Empire Builders
- Genre: Western anthology
- Country of origin: United States
- Language: English
- Home station: WJZ until September 1930
- Syndicates: NBC-Blue
- Starring: Virginia Gardner Bob McGimsey Don Ameche Bernardine Flynn Harvey Hayes
- Announcer: Ted Pearson
- Written by: Edward H. Bierstadt
- Directed by: Don Bernard
- Original release: January 14, 1929 – June 22, 1931

= Empire Builders (radio program) =

Radio program

Empire Builders is an American old-time radio Western. It was broadcast on NBC-Blue from January 14, 1929, to June 22, 1931. The reference book Radio Rides the Range: A Reference Guide to Western Drama on the Air commented, "This may have been the first western drama on radio; it certainly was one of the most unique."

==Format==
The 30-minute weekly episodes "managed to combine romance and music in one program, along with gritty adventure and occasional bitter violence," featuring both real people from history and fictional characters. Episodes' eras ranged from the mid-1700s to the 1930s. Because the show was sponsored by Great Northern Railway, locales of the stories were usually in an area comprising California, Idaho, Montana, Oregon, and Washington state, the states served by the Great Northern Railway.
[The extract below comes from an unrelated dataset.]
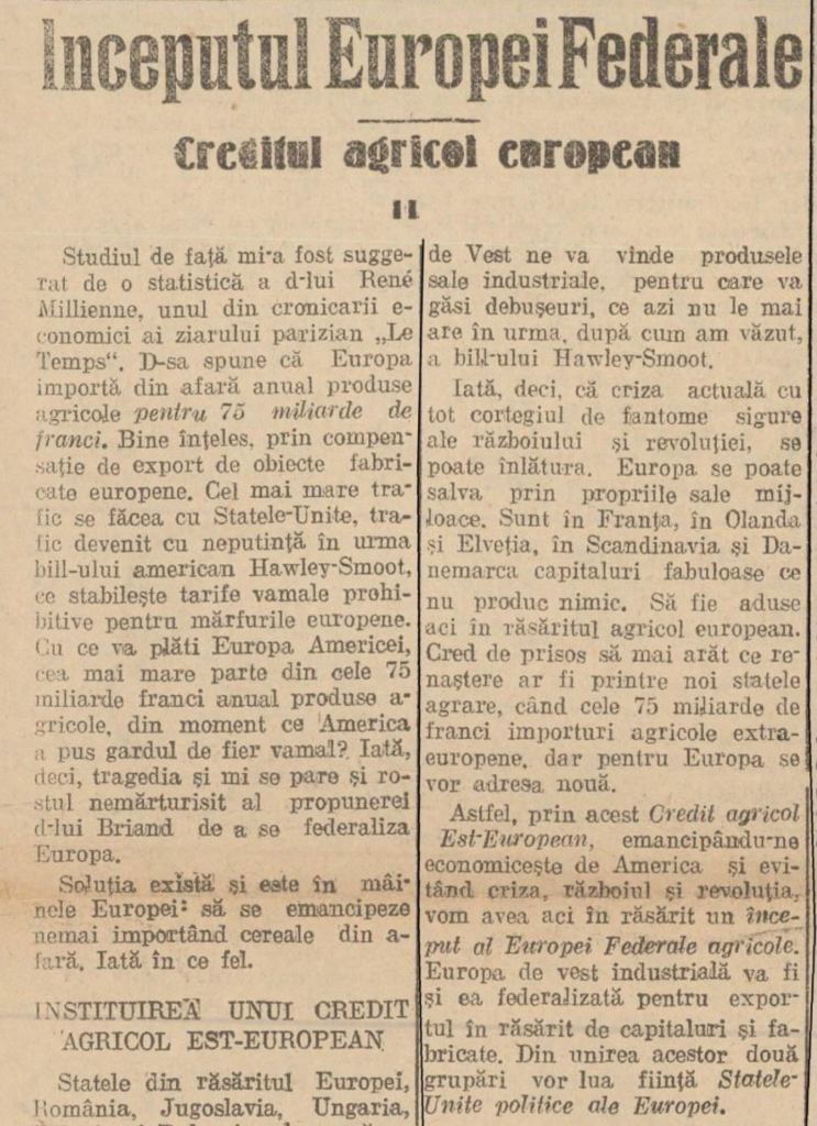 Foarte interesant e un text de primă pagină publicat în august 1930 în Neamul Românesc, ziarul lui Nicolae Iorga. Articolul, intitulat „Începutul Europei Federale”, pornește de la ideea că, de vreme ce „America a pus gardul de fier vamal”, Europa trebuie să-și refacă socotelile, să-și analizeze resursele și să construiască punți între Est și Vest. Autorul, N. N. Lenguceanu, avea credința că acesta este „rostul nemărturisit al propunerei d-lui [Aristide] Briand de a se federaliza Europa” (referire la ministrul francez de Externe, care în 1929 prezentase la Liga Națiunilor o propunere de federalizare a Europei).

A narrator (the Old Timer) introduced each episode, and his "chuckles and characteristic colloquialisms" were regular features of the program.
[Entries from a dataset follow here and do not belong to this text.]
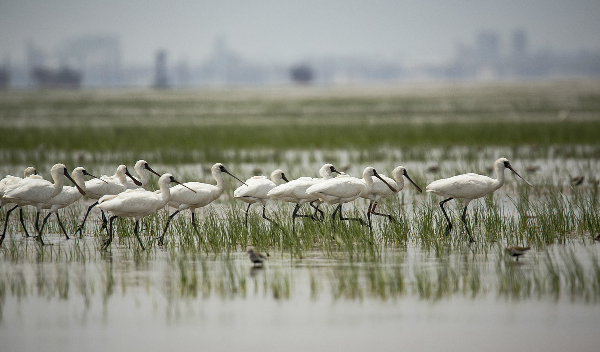 A flock of black-faced spoonbills, a critically endangered bird species, is seen in a wetland in Fuqing, East China's Fujian province, during a bird-watching event held by the Fujian Bird Watching Society from March 25 to 31. [Photo by Lu Guocheng/provided to chinadaily.com.cn]
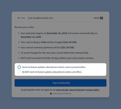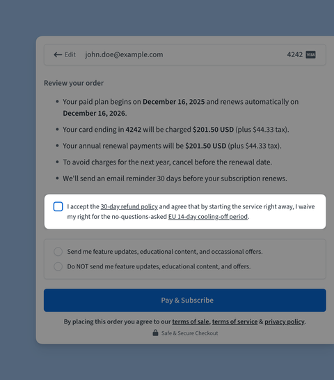 We could have designed the upgrade process slightly differently, emailing the downloadable product only after the payment approval, but we decided that we aren’t going to “break” a proper subscription UX just because of a small group of trolls that can abuse this PayPal flaw.
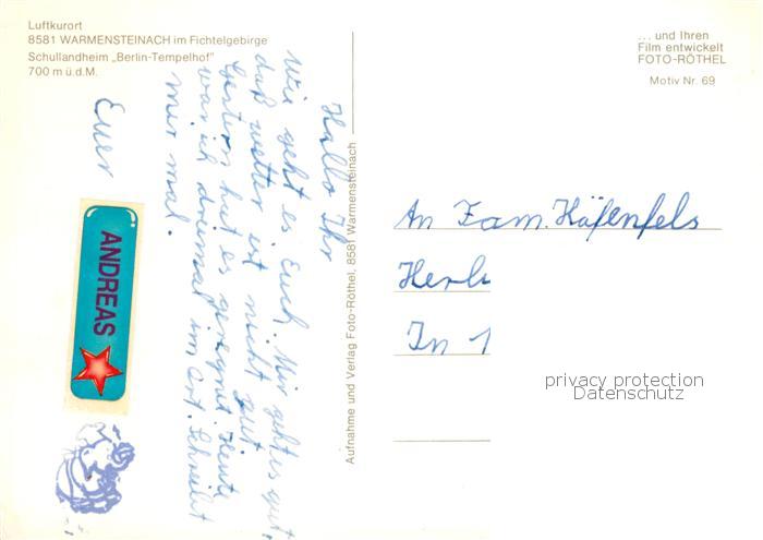 73843644 Warmensteinach Schullandheim Berlin Tempelhof postalisch nicht gelaufen Erhaltung siehe scans [WerneD78] KatCode: 11110009472198

As an example of the fare heard on Empire Builders, a two-part program that began on February 18, 1929, related the adventures experienced and the obstacles overcome during the Lewis and Clark Expedition. Among the difficulties included in the program was "the incident at Great Falls, where a cloudburst swelled the river and swept their encampment from the banks like so many flies."

==Personnel==
Virginia Gardner and Bob McGimsey starred in the original version of the program, when it originated at WJZ in New York City. When origination changed to Chicago, Don Ameche, Bernardine Flynn, and Harvey Hayes starred. The supporting cast usually included Obed "Dad" Pickard, Lucille Husting, and Bob White. Ameche and Flynn, both from the University of Wisconsin, were selected for the Chicago cast from hundreds of actors and actresses who auditioned for the program. Others who were heard on the program included Jack Daly.

Ted Pearson was the announcer, Don Bernard was the director, and Josef Koestner conducted the orchestra. Edward H. Bierstadt was a writer.

Wyllis Cooper was continuity editor.